We provide a R script to generate a methylation frequency file in the same format used in other methods. Run Rscript script/run_deepmod.R deepmod_output_4_plus_strand.bed deepmod_output_4_minus_strand.bed output_file.tsv
# Set the working directory where you install METEORE
Rscript script/run_deepmod.R deepmod_results/example_deepmod/mod_pos.NC_000913.3+.C.bed deepmod_results/example_deepmod/mod_pos.NC_000913.3-.C.bed example_deepmod-freq-perCG.tsv
The example_deepmod-freq-perCG.tsv
output file contains the per-site data including the genomic position of the CpG site, methylation frequency and coverage. The methylation calls from both strands are merged into a single strand.

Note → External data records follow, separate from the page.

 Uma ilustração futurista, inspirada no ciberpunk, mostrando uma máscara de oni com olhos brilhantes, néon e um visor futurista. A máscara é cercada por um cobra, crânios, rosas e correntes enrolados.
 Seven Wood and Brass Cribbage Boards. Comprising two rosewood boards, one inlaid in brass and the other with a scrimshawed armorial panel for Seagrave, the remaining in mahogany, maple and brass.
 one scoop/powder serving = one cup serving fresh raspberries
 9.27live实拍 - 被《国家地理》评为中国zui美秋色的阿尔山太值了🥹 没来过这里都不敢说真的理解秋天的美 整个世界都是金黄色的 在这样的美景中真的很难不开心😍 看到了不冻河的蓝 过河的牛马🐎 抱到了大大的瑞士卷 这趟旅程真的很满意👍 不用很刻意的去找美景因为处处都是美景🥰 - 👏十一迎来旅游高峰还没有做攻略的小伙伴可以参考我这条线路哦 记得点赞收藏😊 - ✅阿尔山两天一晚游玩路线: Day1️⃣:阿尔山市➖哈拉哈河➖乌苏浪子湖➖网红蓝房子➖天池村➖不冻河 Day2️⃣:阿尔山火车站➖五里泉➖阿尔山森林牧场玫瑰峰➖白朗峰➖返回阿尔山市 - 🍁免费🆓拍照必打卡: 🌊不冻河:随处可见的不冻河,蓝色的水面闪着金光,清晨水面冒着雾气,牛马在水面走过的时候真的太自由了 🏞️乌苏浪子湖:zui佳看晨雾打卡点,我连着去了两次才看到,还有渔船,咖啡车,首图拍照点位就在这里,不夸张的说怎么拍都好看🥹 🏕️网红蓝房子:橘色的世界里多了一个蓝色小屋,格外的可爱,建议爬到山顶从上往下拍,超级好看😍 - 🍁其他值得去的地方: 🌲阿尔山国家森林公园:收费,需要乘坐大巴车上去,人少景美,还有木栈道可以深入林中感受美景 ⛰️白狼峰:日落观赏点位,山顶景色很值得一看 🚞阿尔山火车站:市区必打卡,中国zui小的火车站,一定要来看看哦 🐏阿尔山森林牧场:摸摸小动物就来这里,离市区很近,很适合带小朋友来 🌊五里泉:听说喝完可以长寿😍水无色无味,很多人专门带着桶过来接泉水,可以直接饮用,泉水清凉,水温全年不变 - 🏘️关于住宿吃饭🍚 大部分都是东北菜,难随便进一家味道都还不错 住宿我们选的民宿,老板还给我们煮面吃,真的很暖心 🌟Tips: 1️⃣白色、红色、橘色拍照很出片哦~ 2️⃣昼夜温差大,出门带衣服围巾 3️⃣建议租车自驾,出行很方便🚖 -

Note that DeepMod does not produce per-read predictions, so we could not produce an output file in the same format as those described above (.tsv) to be later combined to build a consensus.
We have trained Random Forest models that combine the outputs from two of the methods above to produce consensus predictions with improved accuracy. We also provide the scripts to train new models with two or more methods.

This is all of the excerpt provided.